Exercise: An exact transcription of the records is required, minus any images.

:: Data section ::

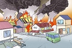 | 地震による被害には、建物などの倒壊、火災、土砂崩れ、津波や液状化現象などがあります。 建物等の倒壊や土砂崩れなどにより道路がふさがれてしまうと、通れる道路が少なくなって大渋滞を発生させるため、避難や救援活動に支障が出てしまう恐れがあります。また、大きな火災が発生すると炎を巻き込んだ竜巻状の空気の渦が発生し、その火災旋風の猛烈な炎と風によって、急速かつ広範囲に延焼を引き起こします。 この他にも、線路が寸断さたり、線路が無事でも安全確認に時間がかかったり、電気・ガス・水道などのライフラインが寸断され、復旧まで時間がかかる場合があります。 |
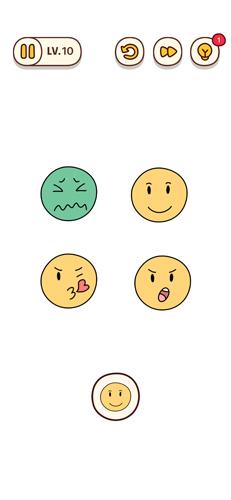 嘴型变化是重点第10关需要调整嘴型,我们点击第一行右边的表情,往下拖动,直到变成微笑的形状。这一步很微妙,得慢慢来。
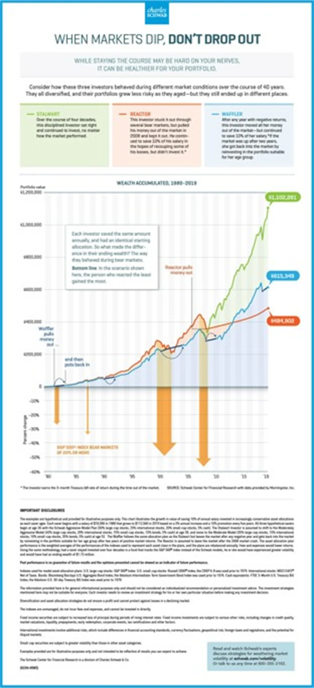 Přiložená grafika srovnává vývoj tržní hodnoty portfolií tří hypotetických investorů. Všichni tři na trh vstoupili v 26 letech, začali investovat podle stejné strategie (50 % americké large cap akcie, 25 % světové akcie, 20 % americké small cap akcie, 5 % hotovost) a z platu si na investice odkládali stejné částky (ročně 10 % platu, který se postupně zvyšoval z 18 580 USD v roce 1980 až na 112 560 USD v roce 2019).
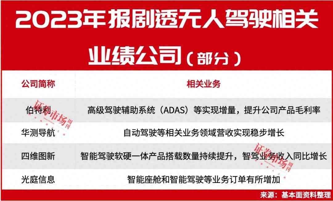 此外,仍以2023年报的角度来看,还有不少公司表示无人驾驶相关业务贡献了业绩或实现增长。比如伯特利、华测导航、四维图新、光庭信息、经纬恒润等。详细情况大家可查看下方表格内容。
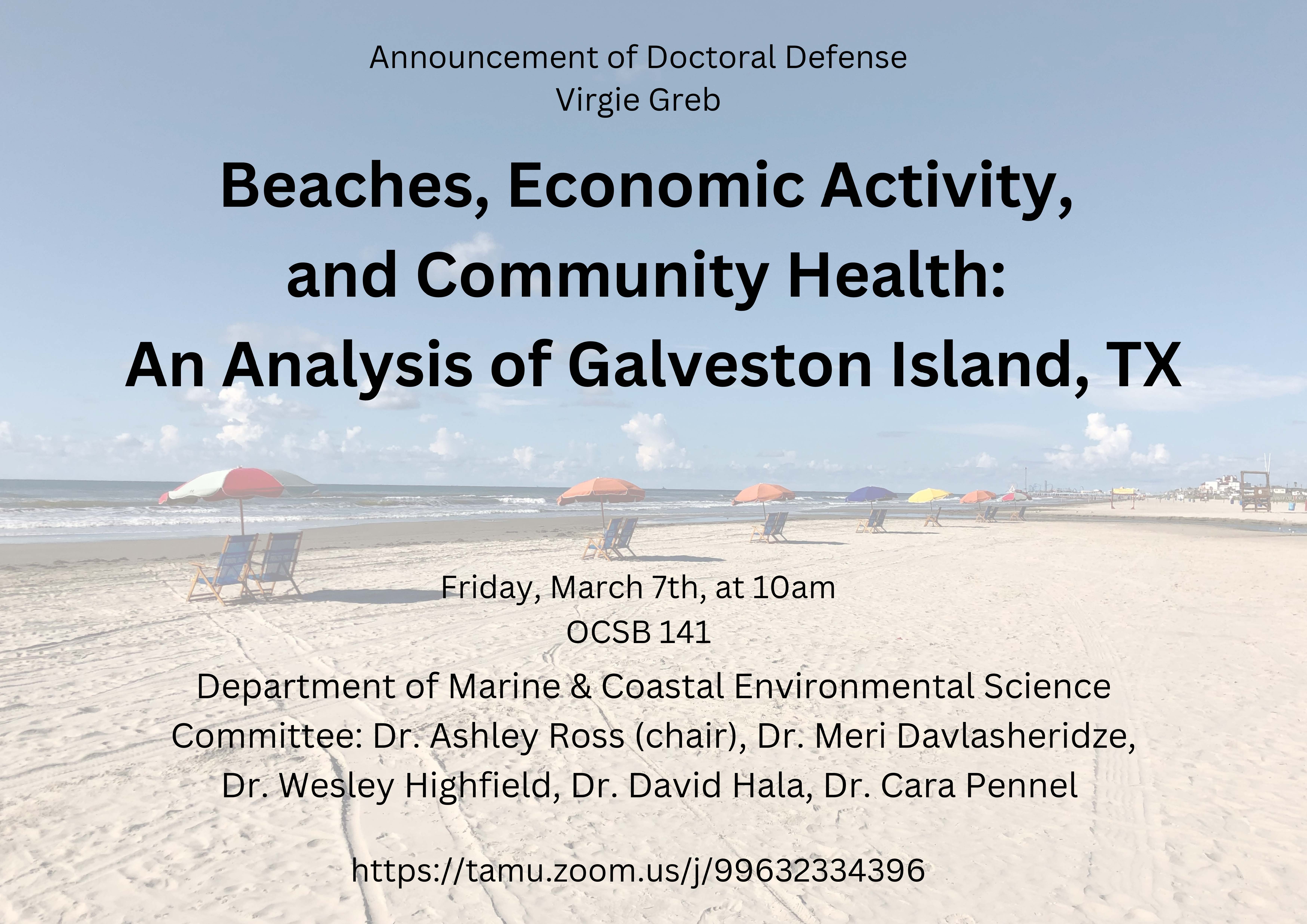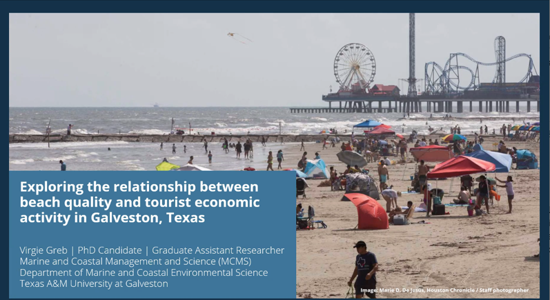 Virgie Greb, Doctoral Candidate in the Marine and Coastal Management and Science program, gave a talk for the Clean Coast Texas Lunch and Learn series. She presented her research “Exploring the relationship between beach quality and tourist economic activity in Galveston, Texas” to 74 attendees, including officials from the Texas General Land Office and other state, regional, and local entities. Greb’s dissertation work examines the associations between beach water quality, economic benefits of coastal resources, and public health.
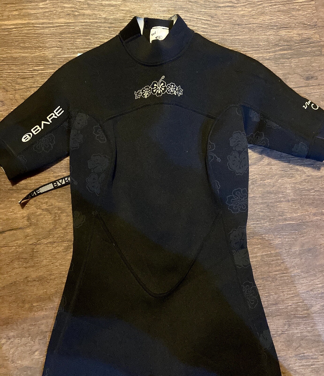 BARE 2mm Crush Shorty Women's Wetsuit Sz 8 Black Hibiscus Diving Scuba NWT
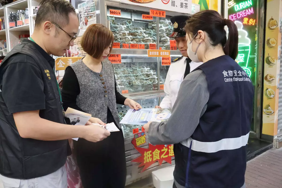 食環署與香港海關繼續巡查各區大閘蟹銷售處所。政府新聞處圖片
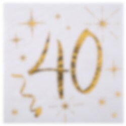 20 weiße Servietten mit dekorativen Mustern und der Zahl 40 in Goldfolie. Diese Servietten eignen sich perfekt als Dekoration für eine 40. Geburtstagsfeier. Die Servietten haben 3 Lagen und fühlen sich luxuriös an. Größe 12,5 x 12,5 cm.
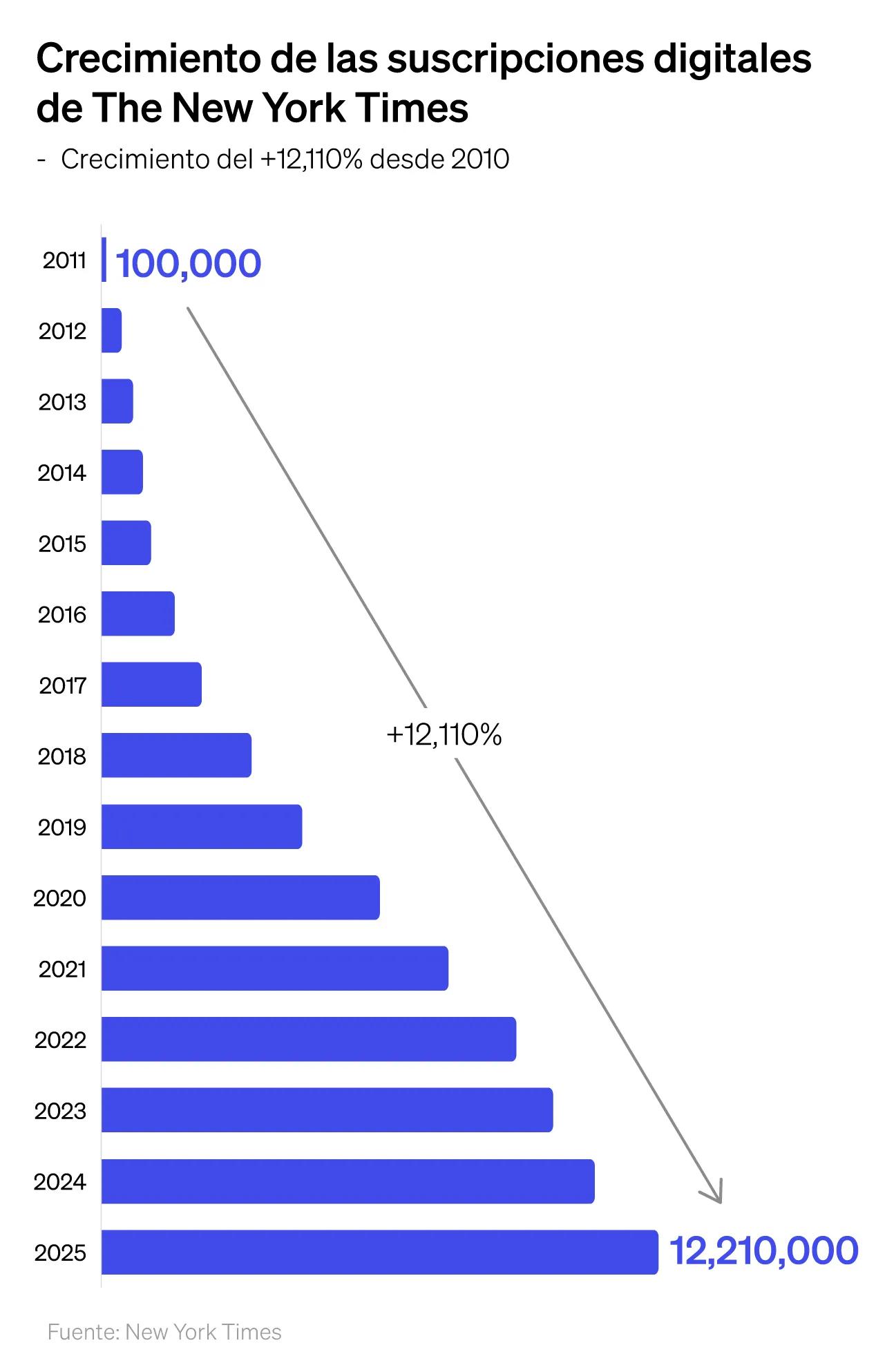 El New York Times supera los 12 millones de suscriptores, con cerca del 90% digitales, y hoy obtiene alrededor del 65% de sus ingresos de suscripciones, reduciendo de forma estructural su dependencia de la publicidad.

:::

Answer for the task:
 | 地震による被害には、建物などの倒壊、火災、土砂崩れ、津波や液状化現象などがあります。 建物等の倒壊や土砂崩れなどにより道路がふさがれてしまうと、通れる道路が少なくなって大渋滞を発生させるため、避難や救援活動に支障が出てしまう恐れがあります。また、大きな火災が発生すると炎を巻き込んだ竜巻状の空気の渦が発生し、その火災旋風の猛烈な炎と風によって、急速かつ広範囲に延焼を引き起こします。 この他にも、線路が寸断さたり、線路が無事でも安全確認に時間がかかったり、電気・ガス・水道などのライフラインが寸断され、復旧まで時間がかかる場合があります。 |
 嘴型变化是重点第10关需要调整嘴型,我们点击第一行右边的表情,往下拖动,直到变成微笑的形状。这一步很微妙,得慢慢来。
 Přiložená grafika srovnává vývoj tržní hodnoty portfolií tří hypotetických investorů. Všichni tři na trh vstoupili v 26 letech, začali investovat podle stejné strategie (50 % americké large cap akcie, 25 % světové akcie, 20 % americké small cap akcie, 5 % hotovost) a z platu si na investice odkládali stejné částky (ročně 10 % platu, který se postupně zvyšoval z 18 580 USD v roce 1980 až na 112 560 USD v roce 2019).
 此外,仍以2023年报的角度来看,还有不少公司表示无人驾驶相关业务贡献了业绩或实现增长。比如伯特利、华测导航、四维图新、光庭信息、经纬恒润等。详细情况大家可查看下方表格内容。
 Virgie Greb, Doctoral Candidate in the Marine and Coastal Management and Science program, gave a talk for the Clean Coast Texas Lunch and Learn series. She presented her research “Exploring the relationship between beach quality and tourist economic activity in Galveston, Texas” to 74 attendees, including officials from the Texas General Land Office and other state, regional, and local entities. Greb’s dissertation work examines the associations between beach water quality, economic benefits of coastal resources, and public health.
 BARE 2mm Crush Shorty Women's Wetsuit Sz 8 Black Hibiscus Diving Scuba NWT
 食環署與香港海關繼續巡查各區大閘蟹銷售處所。政府新聞處圖片
 20 weiße Servietten mit dekorativen Mustern und der Zahl 40 in Goldfolie. Diese Servietten eignen sich perfekt als Dekoration für eine 40. Geburtstagsfeier. Die Servietten haben 3 Lagen und fühlen sich luxuriös an. Größe 12,5 x 12,5 cm.
 El New York Times supera los 12 millones de suscriptores, con cerca del 90% digitales, y hoy obtiene alrededor del 65% de sus ingresos de suscripciones, reduciendo de forma estructural su dependencia de la publicidad.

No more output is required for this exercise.